WHAT THE TASK REQUIRES
Copy, exactly as written, the lines that begin at the one containing "So weisen die" and end at the one containing "Time Journal is". Skip any pictures in the data below.

DATASET
☆ ☆ ☆ ☆

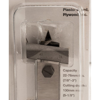 This expanding bit is both easy to use and features positive adjustment for holes between 22mm and 76mm. For use in a drill press.
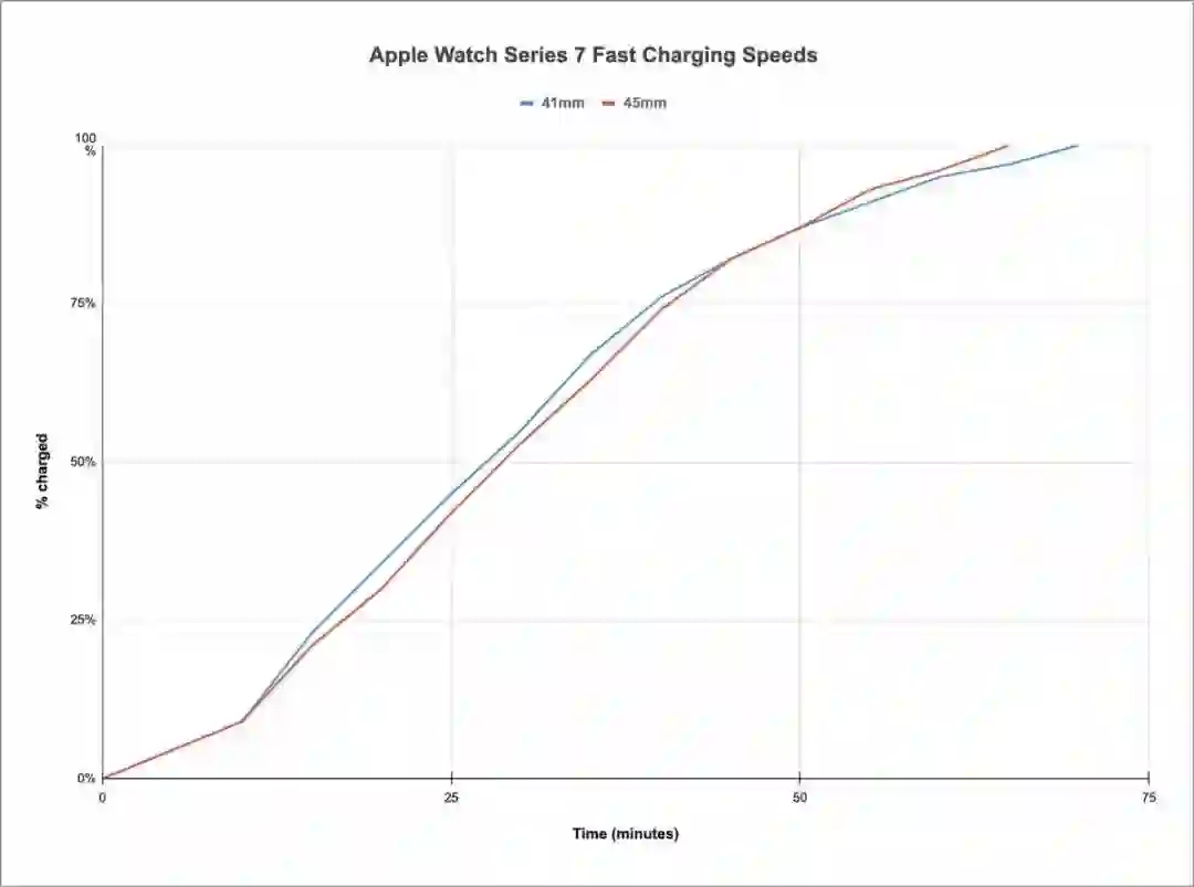 上一代的Apple Watch Series 6 至少需要两个小时才能充满电,但 Apple Watch Series 7 Cellular 版本几乎将充电时间减少了一半。在一系列测试中,Apple Watch Series 7充满电的时间在大约在65到75分钟。
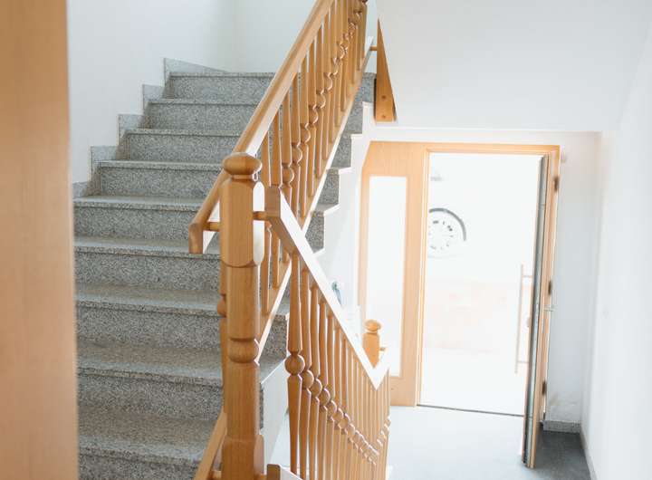 So weisen die Holzbalkon- bzw. Terrassengeländer sowie vor allem auch die Holzfenster der Wetterseite teils Witterungsschäden auf und müssen in Teilen oder gesamtheitlich erneuert bzw. aufgearbeitet werden. Auch gibt es im Bereich der Objektzufahrt aufgrund des Grenzabstands derzeit Klärungsbedarf, um auch zukünftig die Durchfahrtsmöglichkeit für PKWs in den hinteren Bereich des Grundstücks zu gewährleisten. Zusammen mit den Verkäufern wurden hierzu mögliche Lösungen erarbeitet, welche mit einem potenziellen Käufer vor Kauf entsprechend rechtssicher abgestimmt werden. Ich habe diesen Umständen bei der Kaufpreisfindung attestiert.
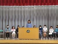 「立会演説会」が、始まりました。「どんな学校にしたいか」、演説しています。
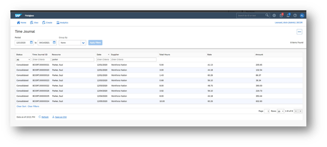 Time Journal is a journal record created for a combination of attributes e.g. Rate Category, Purchase Order number, Resource ID and Day. The overall time recorded in a time bundle is allocated for these combinations of attributes. This is done by a timekeeper.
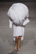 Симон Порт Жакмюс не относится к числу дизайнеров-стилистов: он именно дизайнер, что не мешает ему при этом быть и прекрасным рассказчиком. И каждое свое шоу Жакмюс использует не столько для демонстрации одежды, сколько для воссоздания через эту одежду настроения, очень убедительной и доходчивой трансляции собственных эмоций и состояния. Его яркая полосатая коллекция, ставшая абсолютным хитом модных съемок, очевидно, многое говорила и о его собственном на этот момент настроении. Но к новому сезону он, похоже, готовился не в лучшем расположении духа. Весенняя коллекция все так же необычна и хороша, в ней все так же появляются любимые молодым дизайнером яркие круги, но впечатление она производит мрачное.
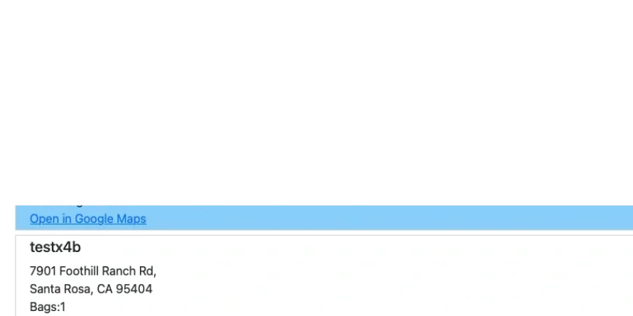 Click "Open Google Maps" (download if you need this app) to get to 1st stop. Press +- arrows to set bag quantity. If NO BAG, set qty to 0 and go to next stop.
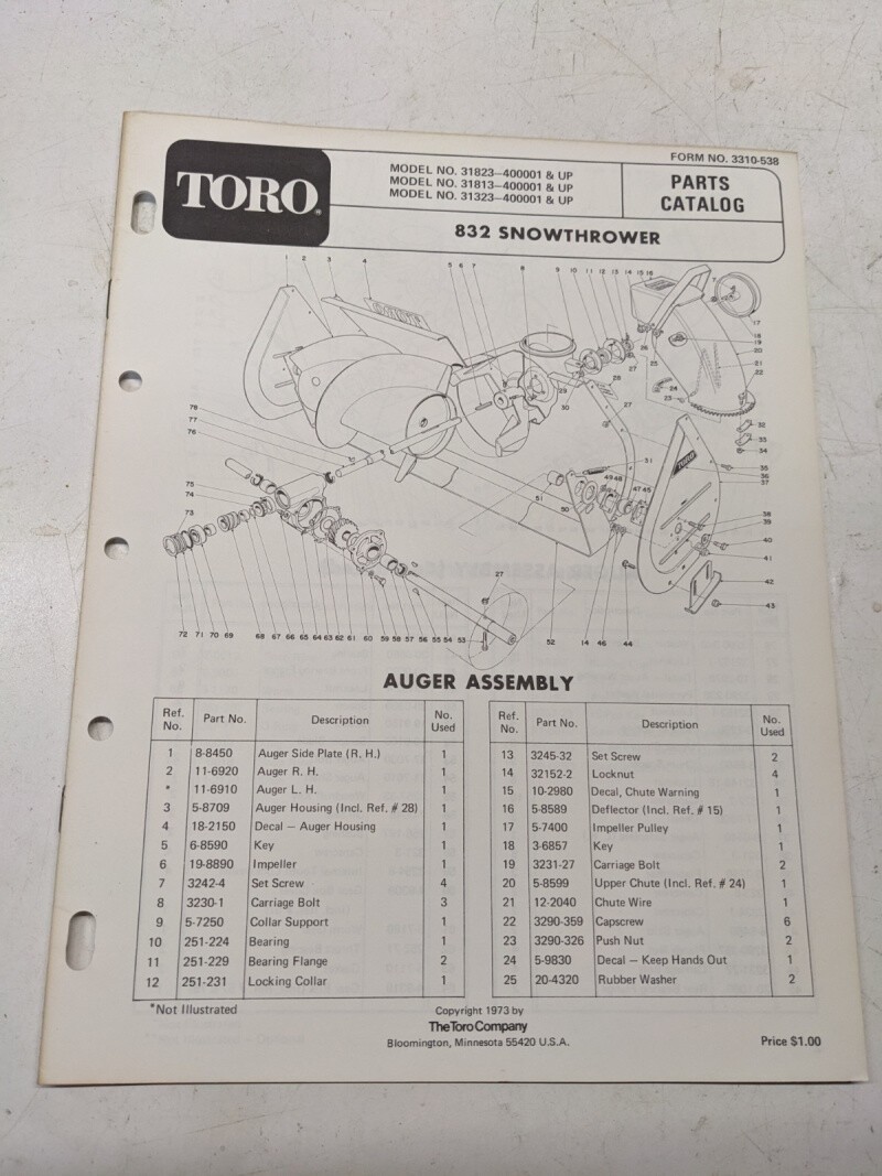 Toro Parts Catalog List Book Manual Snowthrower 832 Blower 31823 31813 31323

☆ ☆ ☆ ☆

ANSWER SECTION
 So weisen die Holzbalkon- bzw. Terrassengeländer sowie vor allem auch die Holzfenster der Wetterseite teils Witterungsschäden auf und müssen in Teilen oder gesamtheitlich erneuert bzw. aufgearbeitet werden. Auch gibt es im Bereich der Objektzufahrt aufgrund des Grenzabstands derzeit Klärungsbedarf, um auch zukünftig die Durchfahrtsmöglichkeit für PKWs in den hinteren Bereich des Grundstücks zu gewährleisten. Zusammen mit den Verkäufern wurden hierzu mögliche Lösungen erarbeitet, welche mit einem potenziellen Käufer vor Kauf entsprechend rechtssicher abgestimmt werden. Ich habe diesen Umständen bei der Kaufpreisfindung attestiert.
 「立会演説会」が、始まりました。「どんな学校にしたいか」、演説しています。
 Time Journal is a journal record created for a combination of attributes e.g. Rate Category, Purchase Order number, Resource ID and Day. The overall time recorded in a time bundle is allocated for these combinations of attributes. This is done by a timekeeper.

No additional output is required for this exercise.